[Start of Attachment]

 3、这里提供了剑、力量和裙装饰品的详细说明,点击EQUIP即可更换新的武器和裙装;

[End of Attachment]
[Start of Attachment]

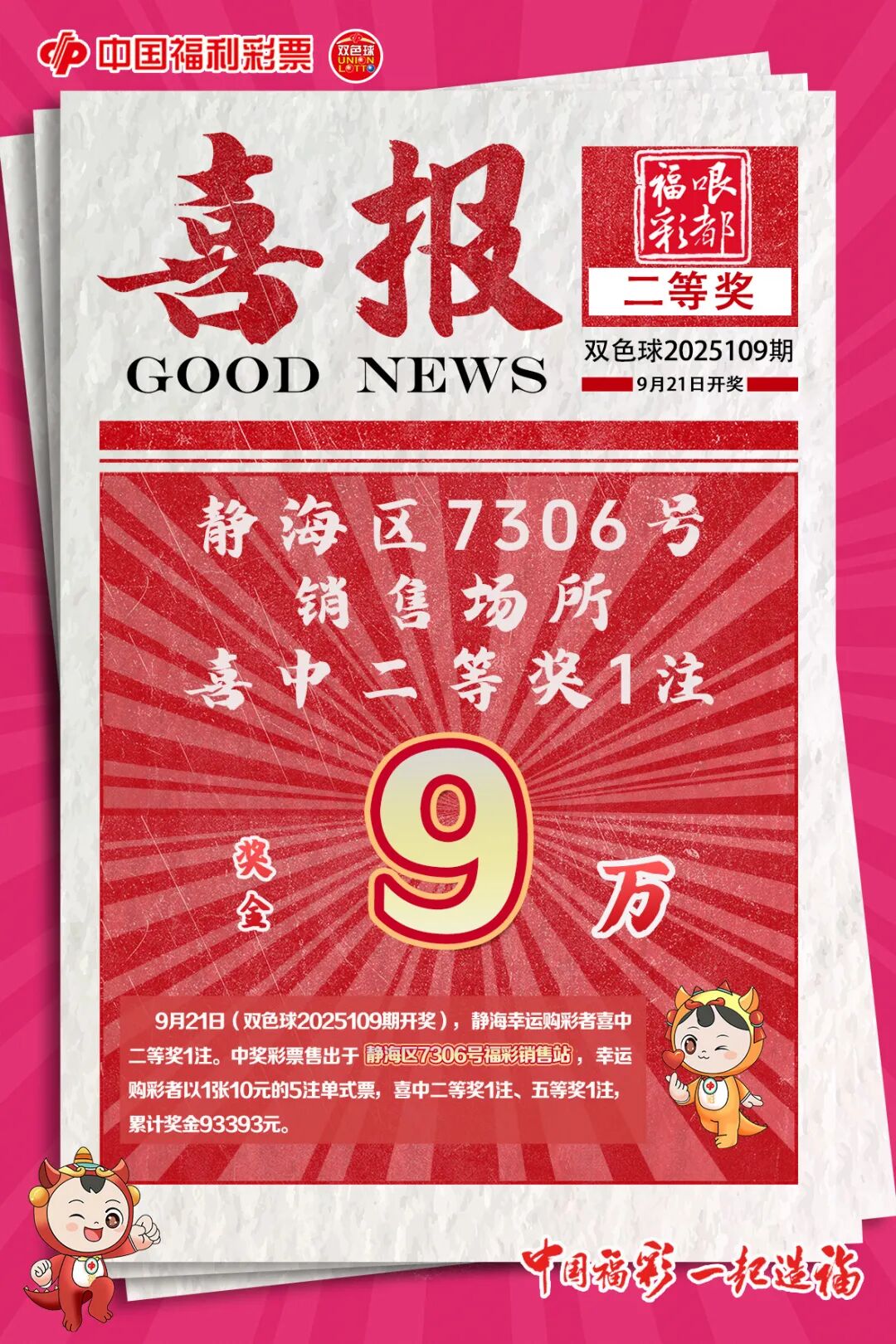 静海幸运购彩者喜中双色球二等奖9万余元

[End of Attachment]
[Start of Attachment]

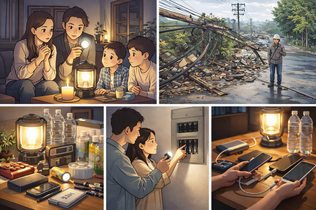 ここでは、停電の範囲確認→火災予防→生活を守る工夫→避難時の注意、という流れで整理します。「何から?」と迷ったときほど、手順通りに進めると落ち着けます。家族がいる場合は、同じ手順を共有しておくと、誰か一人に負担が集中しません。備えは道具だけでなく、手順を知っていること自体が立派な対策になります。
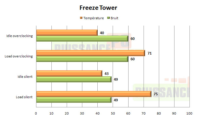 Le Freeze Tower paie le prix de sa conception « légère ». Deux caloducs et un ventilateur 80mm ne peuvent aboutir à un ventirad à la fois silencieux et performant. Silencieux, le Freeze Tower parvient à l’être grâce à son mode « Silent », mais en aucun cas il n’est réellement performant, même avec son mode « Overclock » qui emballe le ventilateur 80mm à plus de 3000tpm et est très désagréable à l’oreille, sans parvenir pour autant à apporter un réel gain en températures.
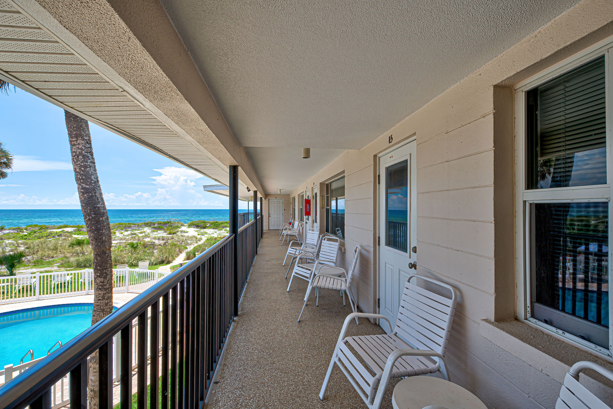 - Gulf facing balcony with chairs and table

[End of Attachment]

*What the task requires*
Reproduce the records above exactly, but only from the line with "ここでは、停電の範囲確認→火" up to and including the line with "- Gulf facing balcony with chairs and table". Leave the pictures out.

*Exercise output*
 ここでは、停電の範囲確認→火災予防→生活を守る工夫→避難時の注意、という流れで整理します。「何から?」と迷ったときほど、手順通りに進めると落ち着けます。家族がいる場合は、同じ手順を共有しておくと、誰か一人に負担が集中しません。備えは道具だけでなく、手順を知っていること自体が立派な対策になります。
 Le Freeze Tower paie le prix de sa conception « légère ». Deux caloducs et un ventilateur 80mm ne peuvent aboutir à un ventirad à la fois silencieux et performant. Silencieux, le Freeze Tower parvient à l’être grâce à son mode « Silent », mais en aucun cas il n’est réellement performant, même avec son mode « Overclock » qui emballe le ventilateur 80mm à plus de 3000tpm et est très désagréable à l’oreille, sans parvenir pour autant à apporter un réel gain en températures.
 - Gulf facing balcony with chairs and table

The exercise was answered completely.